Install the following packages using Pip or Conda under this environment.
python >= 3.8
torch == 1.12.1
recbole == 1.2.0
datasets == 3.1.0
transformers == 4.22.2
sentencepiece == 0.2.0
faiss-cpu == 1.8.0.post1
scikit-learn >= 1.1.2
numpy >= 1.17.2
pandas >= 1.0.0
tqdm
jsonlines
networkx
Refer to https://github.com/OpenMatch/OpenMatch for detailed instructions.
git clone https://github.com/OpenMatch/OpenMatch.git
cd OpenMatch
pip install -e .
Download pretrained T5 weights from Hugging Face.
git lfs install
git clone https://huggingface.co/google-t5/t5-base
Note: Ensure that git lfs
is properly installed. You may need to run git lfs install
before cloning the T5 weights.
This section provides a step-by-step guide to reproduce the ConsRec results.
Warning: The model pre-training and fine-tuning process requires a lot of GPU resources, and the embedding vectors also take up a lot of space. Please make sure you have sufficient GPU resources and hard disk storage space.
We utilize the Amazon Product 2014 and Yelp 2020 datasets. Download the original data from:
The following example uses the Amazon Beauty dataset.

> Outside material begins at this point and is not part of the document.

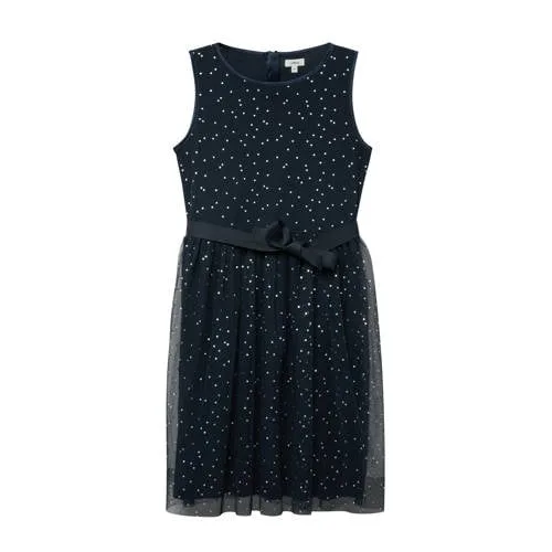 Voor een feestelijke dag of een bijzondere gelegenheid is deze s.Oliver meisjes jurk een passende keuze. De donkerblauwe jurk heeft een uitlopende pasvorm en een speelse stippenprint all-over. Door de combinatie van een transparante mesh bovenlaag en een zachte, gevoerde binnenkant voelt de jurk licht aan en valt hij mooi om het lichaam. De bijpassende ceintuur accentueert subtiel de taille en zorgt voor een verzorgd geheel.Feestelijke details in donkerblauw mesh Gestippelde mesh stof over de hele jurk voor een speels effect Mouwloos ontwerp met ronde hals, ideaal voor feestelijke gelegenheden Uitlopende pasvorm voor extra bewegingsvrijheid Blinde ritssluiting op het achterpand voor een rustige, nette uitstraling Zachte jersey voering met viscosemix voor extra comfort op de huid Ceintuur in de taille voor een mooi silhouet Korte lengte, perfect te combineren met maillot of blote benenKlaar voor elk feestjeDeze donkerblauwe jurk is gemaakt voor momenten waarop het net iets specialer mag zijn. Of het nu gaat om een verjaardag, schoolfeest of familie-etentje, met de stippenprint en de lichte mesh stof ziet de outfit er direct verzorgd uit. Combineer de jurk met ballerina's of sandalen en eventueel een vestje voor extra warmte.s.Oliver: vertrouwde kwaliteit voor elke dags.Oliver staat bekend om comfortabele kleding met een doordachte pasvorm. Ook bij deze meisjesjurk is aandacht besteed aan draagcomfort en afwerking, zoals de voering van jersey en de nette blinde rits. Zo ontstaat een feestelijke jurk waar kinderen zich vrij in kunnen bewegen en die keer op keer mooi blijft.Een feestjurk die stijl en draaggemak op een toegankelijke manier samenbrengt.

wget -c http://snap.stanford.edu/data/amazon/productGraph/categoryFiles/ratings_Beauty.csv
wget -c http://snap.stanford.edu/data/amazon/productGraph/categoryFiles/meta_Beauty.json.gz
gzip -d meta_Beauty.json.gz
mkdir data
mv ratings_Beauty.csv data/
mv meta_Beauty.json data/
mkdir dataset
bash scripts/process_origin.sh
bash scripts/process_beauty.sh
Before proceeding, process all four original datasets as described above to obtain the atomic files. Then, construct the mixed pretraining data for
bash scripts/gen_dataset.sh
bash scripts/gen_pretrain_items.sh
For
python src/sample_train.py
Similarly, we selected the number of training samples from the dataset with the fewest training items in each case to serve as the validation set:
python src/sample_valid.py
bash scripts/build_pretrain.sh
python src/merge_json.py
Pretrain the T5 model using next item prediction (NIP) and mask item prediction (MIP) tasks.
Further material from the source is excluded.